Contrairement à ses habitudes, Anna détacha ses longs cheveux blonds foncés qui, comme une éblouissante cascade ondulée, traversèrent les traits de son visage angélique avant de plonger dans son décolleté excitant.
La veille encore, Anna ne fut plus qu'une femme-enfant qu'il voulait détruire, mais ce matin, elle était devenue une femme. Une vraie femme qui provoquait ses pulsions, et qui attisait ses désirs.

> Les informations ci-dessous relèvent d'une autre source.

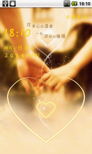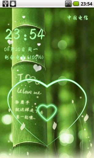 本应用为一款非常唯美的爱之心屏幕锁,有两条唯美的线条围绕桃心路径运动,画面灰常唯美。您可以根据自己的喜好来设置背景,锁屏图形的颜色,字体的样式和颜色,解锁密码,锁屏界面的快捷方式等。将内部的小图形拖出外圈上,然后松开手指即可解锁。本应用小巧简单,占系统资源少。有意见或建议可以使用反馈信息功能来联系。email:bobliuwei@126.com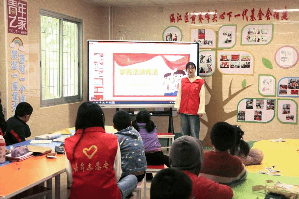 “小朋友们,你们知道国家宪法日是哪一天吗?”伴随着我们志愿者有关宪法的一个小问题抛出,本次主题支教活动也随之展开。台下刷刷地举起一片小手,小朋友们在回答问题的过程中表现得非常积极,他们脑洞大开,答案层出不穷,充分展现了他们的聪明才智和无限的创造力。随后志愿者用温柔的话语,既给洋留守儿童传授了宪法相关知识,也给洋留守儿童们送去了温暖与关爱。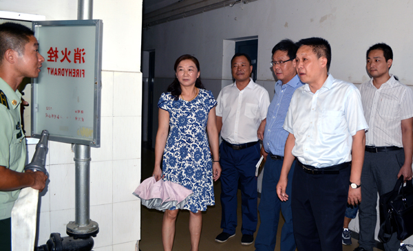 会后,黄念平一行在梅平的引导下,深入校园安全保卫监控室、学生寝室、新生消防演练场地进行了实地考察走访。在女生7舍楼管处,黄念平仔细询问宿舍管理制度,查看了寝室值班登记表,在男生寝室5舍,黄念平一行走进学生寝室,认真查看学生门窗、床铺、洗漱间等设施。在新生消防演练场地,黄念平提醒新生注意人身和财产安全,注意防火防盗,不参与网络借贷。

Face à cette femme qui sortit une puissante et imbattable artillerie de charme et de sensualité, Julian sentit tout son corps qui se rebellait contre son orgueil. Ses mains ne désiraient plus que de se noyer dans les cheveux d'Anna avant de partir à la découverte de sa peau soyeuse. Ses lèvres hurlaient pour partir en expédition et explorer cette bouche mystérieuse. Ses regards priaient pour découvrir les nudité de ce corps insoumis. Quant à son membre prêt à rebondir au premier appel, il réclamait, avec une terrifiante cruauté, de défoncer toutes les lois et les règles de la moralité, et de pénétrer cette orgueilleuse intimité qui appartenait à un autre.
Alors qu'il ne s'y attendait pas, Julian vit sa folle obsession pour Anna propulsait, en quelques secondes, en une folle envie de possession. Cette élévation ne lui plut guère.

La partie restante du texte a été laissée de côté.